Data block:
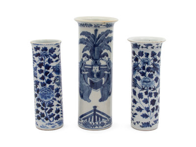 Three Chinese Blue and White Porcelain Cylindrical Vases
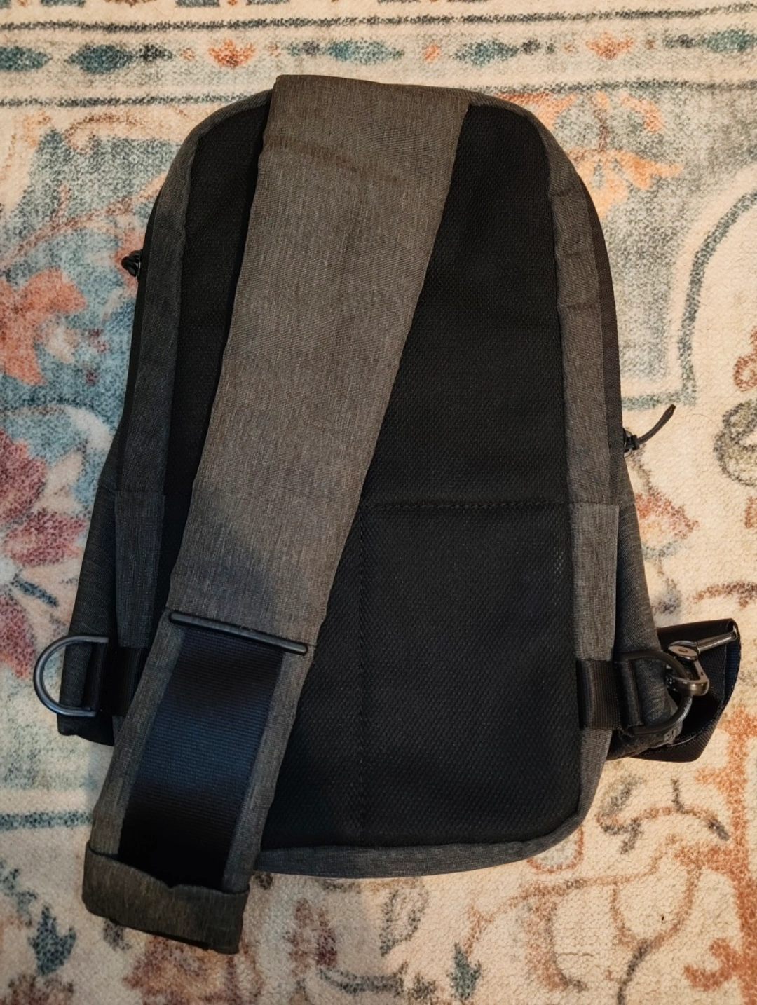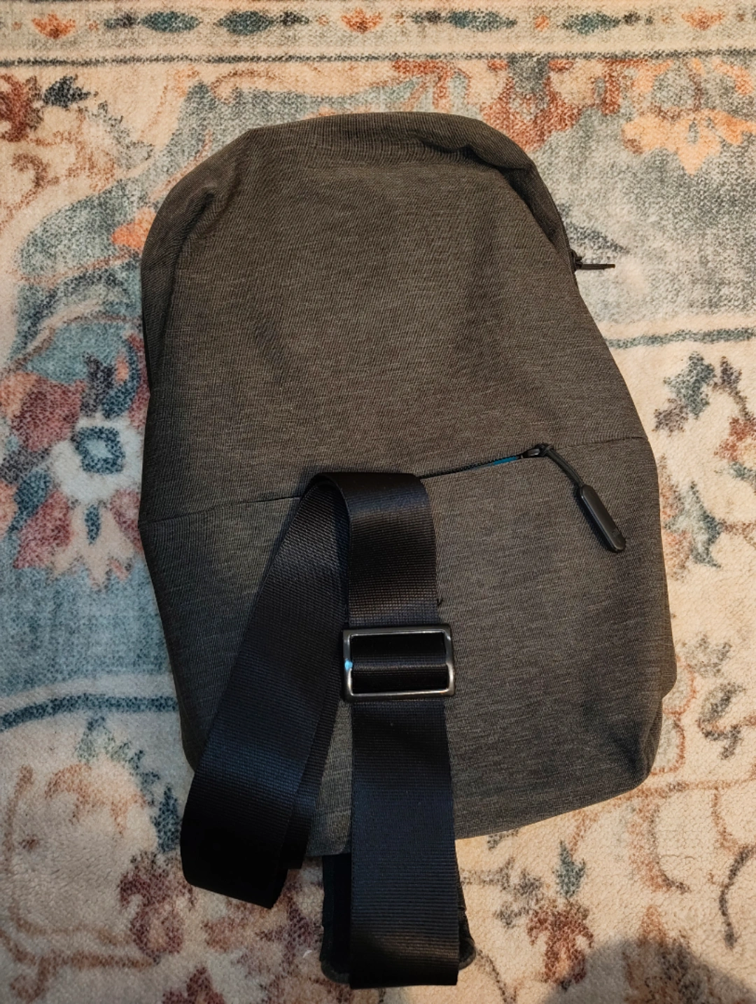 Selling a grey sling bag. It's in great condition and ready for a new home! It's perfect for carrying your essentials while keeping your hands free
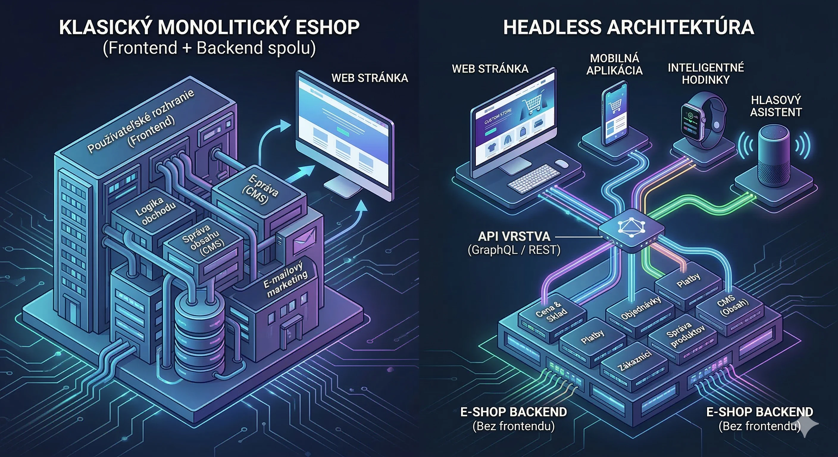 Váš eshop nestíha rásť? Každá zmena na webe trvá týždne a mobilný zážitok zaostáva? Headless architektúra oddeľuje frontend od backendu a dáva vám slobodu, rýchlosť a škálovateľnosť, o akej ste s klasickým eshopom mohli len snívať.

Directions for this task: Every word of the material above should be copied exactly; no pictures.

Reply to the task:
 Three Chinese Blue and White Porcelain Cylindrical Vases
 Selling a grey sling bag. It's in great condition and ready for a new home! It's perfect for carrying your essentials while keeping your hands free
 Váš eshop nestíha rásť? Každá zmena na webe trvá týždne a mobilný zážitok zaostáva? Headless architektúra oddeľuje frontend od backendu a dáva vám slobodu, rýchlosť a škálovateľnosť, o akej ste s klasickým eshopom mohli len snívať.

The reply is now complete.